You can see that the value we now have on top of the stack is of type operation and contains all the information we previously added to the stack: the amount to be sent, the entrypoint to call (default by default or in case of a transaction to an implicit account), the operation kind, the parameters (unit for transactions to implicit accounts) and the target address. The only thing left now is to add this operation to the list of operations returned at the end of the contract.
NIL operation ;
SWAP ;
CONS ;
DUMP ;
stdout
NIL / _ => [] SWAP / [] : transaction => transaction : [] CONS / transaction : [] => [transaction] DUMP => [[transaction]]
Are you excited about finally using that list of operations we have been returning empty so far? 😅
In order to include the operation into the list of operations, you add an empty list as usual with NIL operation, you use SWAP because the element to add to the list must be just above in the stack and you call the CONS instruction which prepends the value to the list.

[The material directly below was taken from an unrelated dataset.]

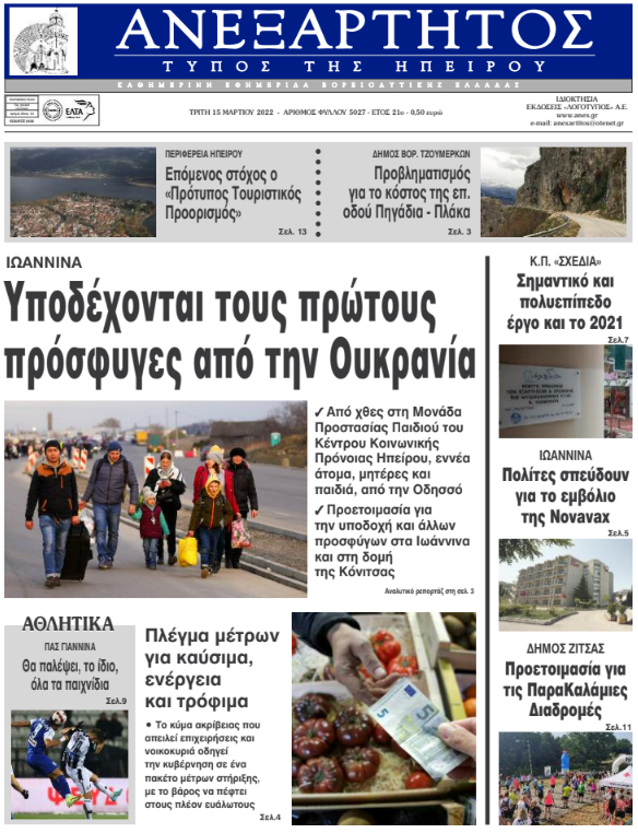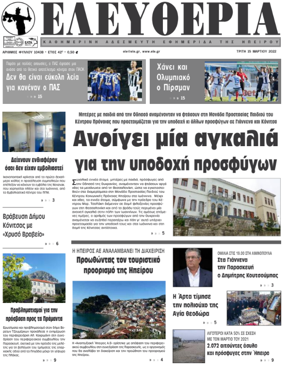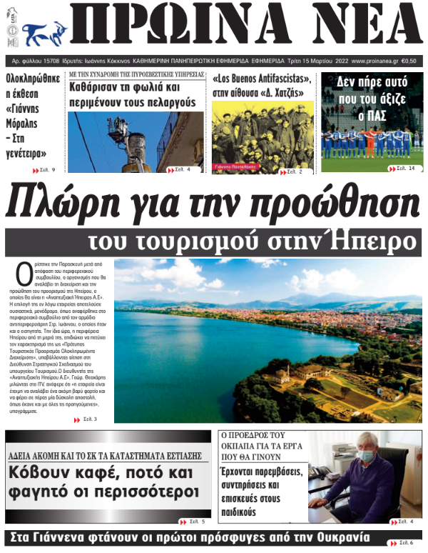 Διαβάστε στα πρωτοσέλιδα των γιαννιώτικων εφημερίδων της Τρίτης 15 Μαρτίου
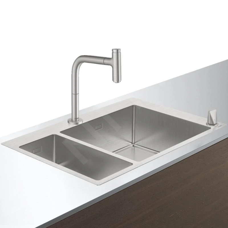 El fregadero está soldado a mano, gracias al acero inoxidable de 1 mm de grosor y a la parte reforzada para montar el grifo, es muy estable. El acero inoxidable no sólo es fuerte, sino también resistente a sustancias agresivas como los ácidos de la fruta, además de ser resistente a la corrosión, higiénico y capaz de soportar altas temperaturas. La instalación empotrada crea una transición continua entre el fregadero y la encimera. El rebosadero está discretamente colocado en la parte lateral. El fregadero tiene un diseño minimalista y, gracias a sus bordes precisos y esquinas redondeadas, se convierte en un accesorio de cocina de calidad que servirá durante muchos años.

Now you can return the pair with the list of operations and the storage:
UNIT ;
SWAP ;
PAIR ;
COMMIT ;
stdout
UNIT / _ => Unit SWAP / Unit : [transaction] => [transaction] : Unit PAIR / [transaction] : Unit => ([transaction] * Unit) END %default / ([transaction] * Unit) => _
Nothing groundbreaking here, we push a new unit on top of the stack, we use SWAP because the list of operations must be on the left of the pair and then PAIR.